Negative affect | The average of three negative affect measures in GWP. They are worry, sadness and anger, the measures were three GWP questions| numeric

\

`Life Ladder` is, according to the [world happiness website,](https://worldhappiness.report/ed/2023/#appendices-and-data) "Happiness score or subjective well-being ... is the national average response to the question of life evaluations. The English wording
of the question is 'Please imagine a ladder, with steps numbered from 0 at the
bottom to 10 at the top. The top of the ladder represents the best possible life
for you and the bottom of the ladder represents the worst possible life for you.
On which step of the ladder would you say you personally feel you stand at this
time?' This measure is also referred to as Cantril life ladder, or just life
ladder in our analysis."

## Question of Interest
**Which variables are driving variation in the data?** Having quanitified variables relating to emotional feelings was a pretty interesting way to collect this data, so let's investigate further on which variables contributed the most variation to this happiness data.

\

## Exploratory Data Analysis (EDA) & Pre-Processing

In [None]:
# packages used
import numpy as np
import pandas as pd
import altair as alt
from statsmodels.multivariate.pca import PCA
import warnings
from sklearn.cluster import KMeans

# ignore warnings
warnings.filterwarnings("ignore")

# disable row limit for plotting
alt.data_transformers.disable_max_rows()

# load in the dataset
whr_data = pd.read_csv('/whr-2023.csv')

### Missing Values

First, we look at thr proportion of missing values for each variable. Notice that these proportions are very low. Hence, we keep all these attributes.

In [None]:
# proportion of missingness
whr_data.isna().mean()

Country name                        0.000000
year                                0.000000
Life Ladder                         0.000000
Log GDP per capita                  0.009095
Social support                      0.005912
Healthy life expectancy at birth    0.024557
Freedom to make life choices        0.015007
Generosity                          0.033197
Perceptions of corruption           0.052751
Positive affect                     0.010914
Negative affect                     0.007276
dtype: float64

Exploring the data, there were certain countries that were missing values for an entire variable for each year, so these countries were dropped since there was no way to impute values for them.

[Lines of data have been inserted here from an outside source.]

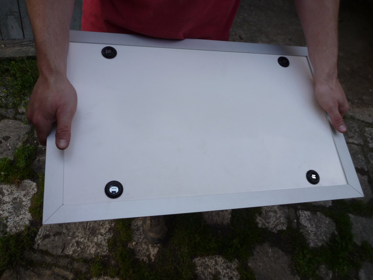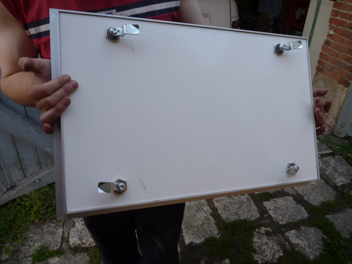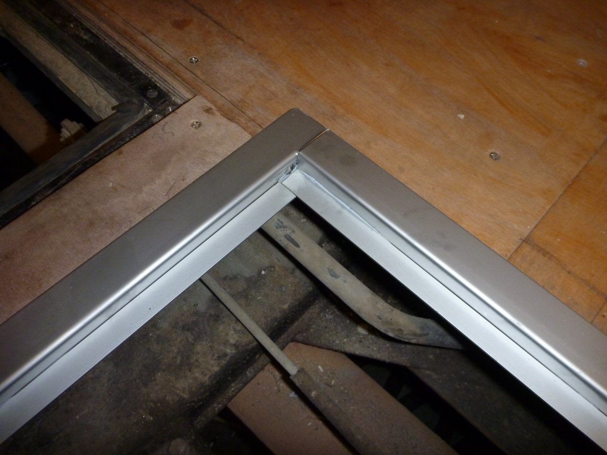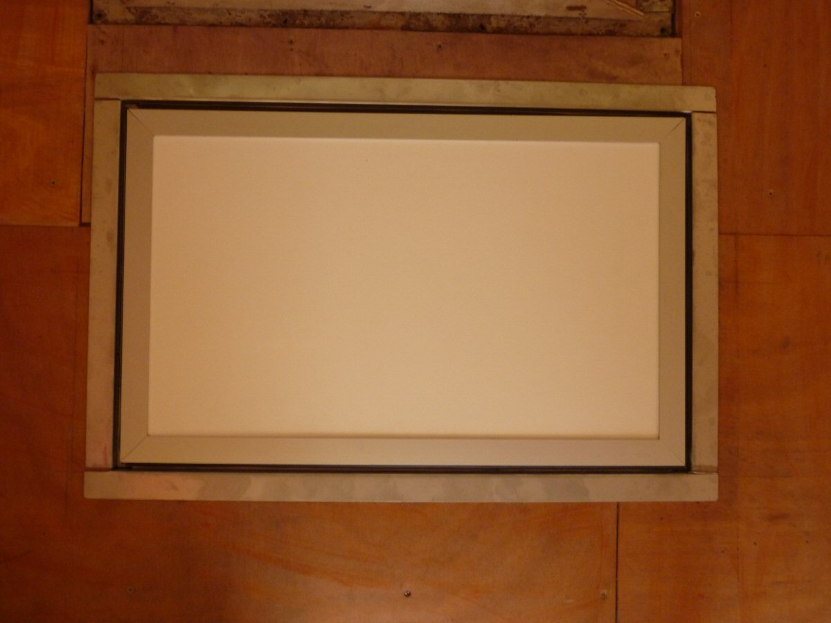 Réalisation de la trappe en contreplaquée de 20mm stratifiée, avec une couche de gel-coat appliquée sur les chants ... Cela permet à la trappe de ne pas craindre l'humidité ... Découpe des profilés aluminium Montage de l'ensemble Présentation du montage Pose des verrouillages par clef carrée Collage d'une plaque de goudron autocollante pour l'isolation phonique ... et ça fait une protection supplémentaire... Voila voila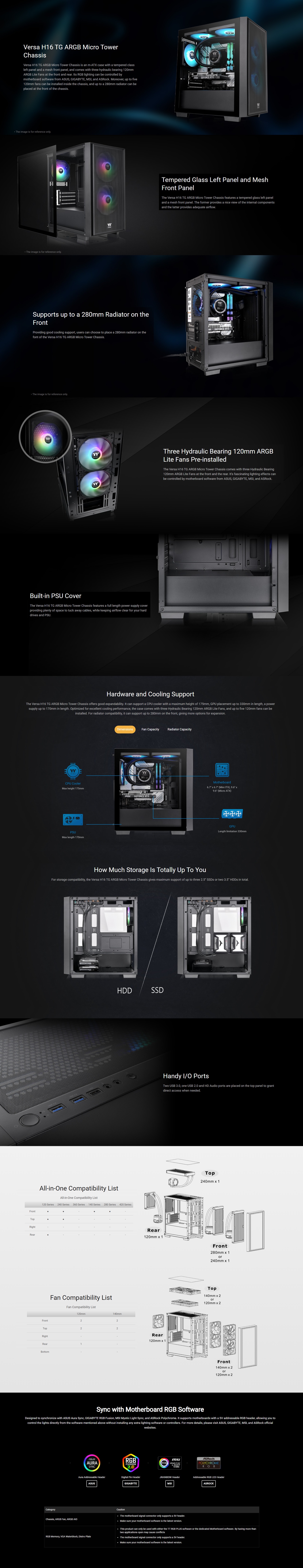 Versa H16 TG ARGB Micro Tower Chassis is an m-ATX case with a tempered class left panel and a mesh front panel, and comes with three hydraulic bearing 120mm ARGB Lite Fans at the front and the rear.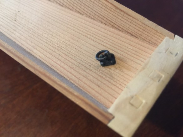 Yesterday, I finally got it in gear and did the metalwork for the ringbolts, or kan, as I recall from my Japanese taiko drumming and drum-making days, and that backing plate, whose name I can’t recall. I cut a square piece out of a sheet of brass and drilled holes at the corners for nails, and larger hole in the center for the ringbolt itself. The ringbolt parts, I made from 18-gauge copper wire, while the nails were brass nails I had on hand. These metal parts, I blackened using a metal toner. But, I ended up painting them anyway, as I thought the finish might be more durable during the assembly process.

These would be interesting countries to do further research on why they did not record these metrics for these countries. From this, we only lost 9 countries (65 observations), leaving us with 156 countries.

Moreover, not every single year was recorded for every country. To make our analyses more simple, we grouped by country and took the mean for each numeric attribute. Notice that `year` was coerced to a categorical type. In total, we are left with 156 countries/observations.

Finally, we create two indicator variables which will be useful in clustering later on. `Higher_Life_Ladder` indicates countries with a `Life Ladder` value greater than (or equal to) 5.0. `Higher_Social_support` indicates countries with a higher `Social_support` value. The rest of the variables have the same definitions as before.

In [None]:
# grouping to find which countries are missing all values in a column
df1 = whr_data.groupby('Country name', dropna = False).mean(numeric_only = True).isna()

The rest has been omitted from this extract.